Poster of the film Cu va chim se se (The owl and the sparrow), of which Jenni Trang Le is the deputy director

In 2008, Chanh Phuong asked her to get involved full-time in filmmaking and Jenni decided to try it for one year. It's been three years now and she has been invited to work on so many projects by different producers that she has never thought about returning to the US.

Jenni said she wants to become a film director, but also asserted she would not study it in the US.

She intends to join courses in Vietnam, watch more local films and live in the country to make films that are authentically Vietnamese.

TV hay days

Le Van Kiet, another Viet kieu film graduate, returned to Vietnam last year to work in television. He was invited by Tri Viet Media to make a TV series for HTV3.
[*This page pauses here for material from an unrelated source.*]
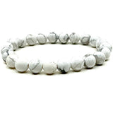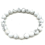 This white howlite bead bracelet has one lava accent bead. Beads are 8mm.

TV shows in Vietnam are enjoying a boom and it won't last forever, said the 33-year-old director whose Cuoi duong bang (At the end of the runway), a 50-episode series about the modeling and fashion industries in Vietnam, is being aired on Ho Chi Minh City Television, channel HTV3.

While working on the show, Kiet brought in two deputy directors and three cameramen who used to work in the US.

Kiet himself used to work for Nippon Herald Films, the distributor of many New Line and Miramax productions.

The University of California graduate said he wants to concentrate on telefilms at the moment, since they are in high demand, but he is also preparing to make a feature film sometime this year.